→ **Task requirements**
For the entries that follow, restate word for word the line containing "ทางฝั่ง อินเตอร์ มิลาน", the line containing "- Кузов: GRX130", and every line that lies between them.

→ **Working data**
--

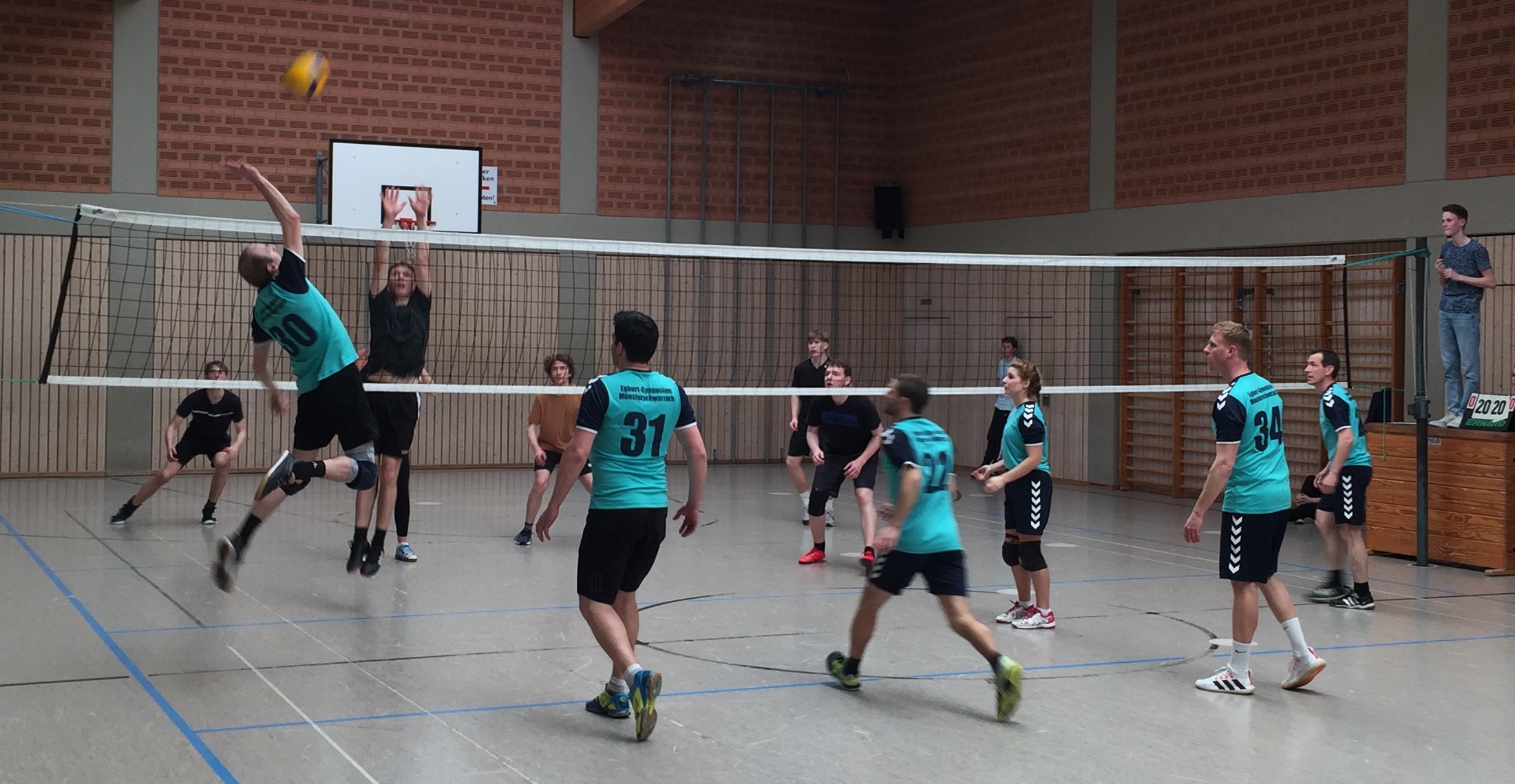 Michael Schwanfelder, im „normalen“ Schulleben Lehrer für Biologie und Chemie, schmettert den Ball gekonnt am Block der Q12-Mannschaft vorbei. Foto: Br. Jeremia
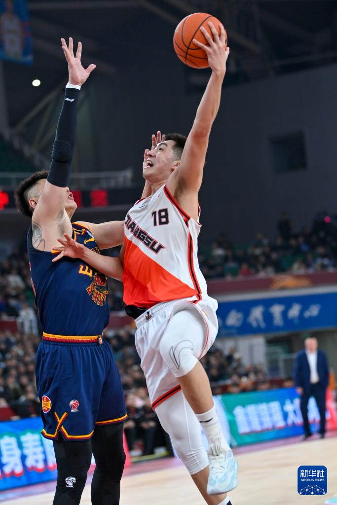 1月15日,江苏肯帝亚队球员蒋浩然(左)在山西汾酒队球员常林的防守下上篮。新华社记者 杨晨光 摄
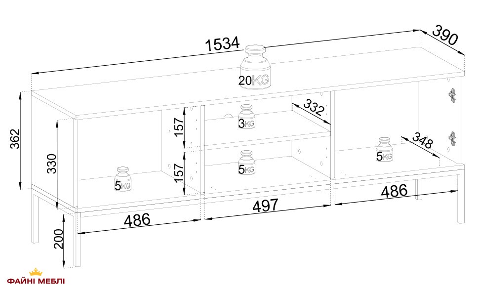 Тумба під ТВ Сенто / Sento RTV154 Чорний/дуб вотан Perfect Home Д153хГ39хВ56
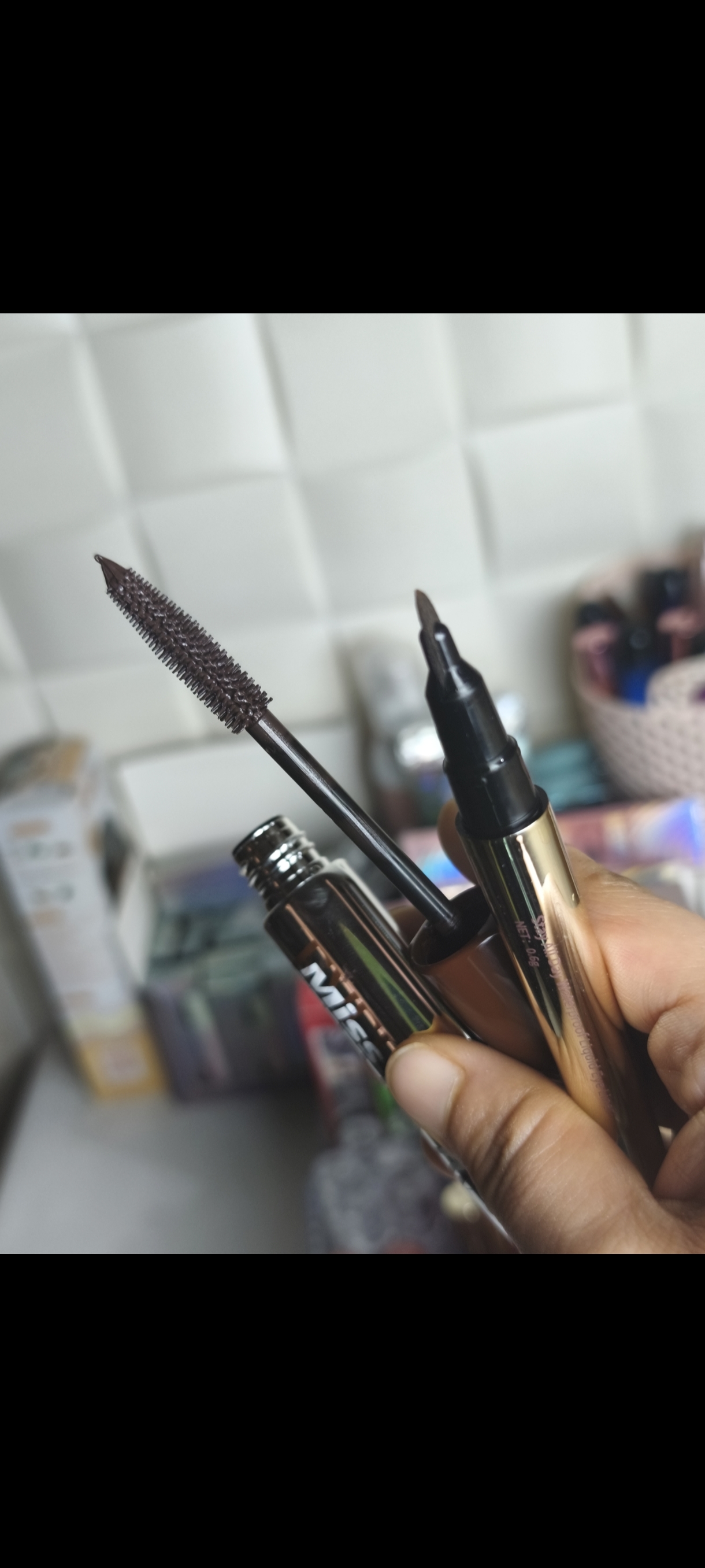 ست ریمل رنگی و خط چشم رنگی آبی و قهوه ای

--

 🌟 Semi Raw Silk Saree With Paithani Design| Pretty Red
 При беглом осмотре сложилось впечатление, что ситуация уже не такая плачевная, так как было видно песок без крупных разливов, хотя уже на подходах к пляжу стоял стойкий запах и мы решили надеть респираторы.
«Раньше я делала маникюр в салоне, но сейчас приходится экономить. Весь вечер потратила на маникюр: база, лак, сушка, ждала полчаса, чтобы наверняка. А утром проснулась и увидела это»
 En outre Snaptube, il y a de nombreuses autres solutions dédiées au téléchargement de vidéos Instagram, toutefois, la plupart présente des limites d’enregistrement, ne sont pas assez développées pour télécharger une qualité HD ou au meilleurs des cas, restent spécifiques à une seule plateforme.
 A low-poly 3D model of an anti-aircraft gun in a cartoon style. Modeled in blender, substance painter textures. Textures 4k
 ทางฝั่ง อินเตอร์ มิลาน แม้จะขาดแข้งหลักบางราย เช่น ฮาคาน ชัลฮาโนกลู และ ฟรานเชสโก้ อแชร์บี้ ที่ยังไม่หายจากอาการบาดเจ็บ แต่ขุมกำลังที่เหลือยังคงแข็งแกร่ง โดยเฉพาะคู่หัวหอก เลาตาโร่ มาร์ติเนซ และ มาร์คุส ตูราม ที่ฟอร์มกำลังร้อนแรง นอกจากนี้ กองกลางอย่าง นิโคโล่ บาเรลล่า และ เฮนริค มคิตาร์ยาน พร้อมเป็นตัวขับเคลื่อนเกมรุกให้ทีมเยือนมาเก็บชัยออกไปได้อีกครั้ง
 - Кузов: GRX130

--

→ **Written solution**
 ทางฝั่ง อินเตอร์ มิลาน แม้จะขาดแข้งหลักบางราย เช่น ฮาคาน ชัลฮาโนกลู และ ฟรานเชสโก้ อแชร์บี้ ที่ยังไม่หายจากอาการบาดเจ็บ แต่ขุมกำลังที่เหลือยังคงแข็งแกร่ง โดยเฉพาะคู่หัวหอก เลาตาโร่ มาร์ติเนซ และ มาร์คุส ตูราม ที่ฟอร์มกำลังร้อนแรง นอกจากนี้ กองกลางอย่าง นิโคโล่ บาเรลล่า และ เฮนริค มคิตาร์ยาน พร้อมเป็นตัวขับเคลื่อนเกมรุกให้ทีมเยือนมาเก็บชัยออกไปได้อีกครั้ง
 - Кузов: GRX130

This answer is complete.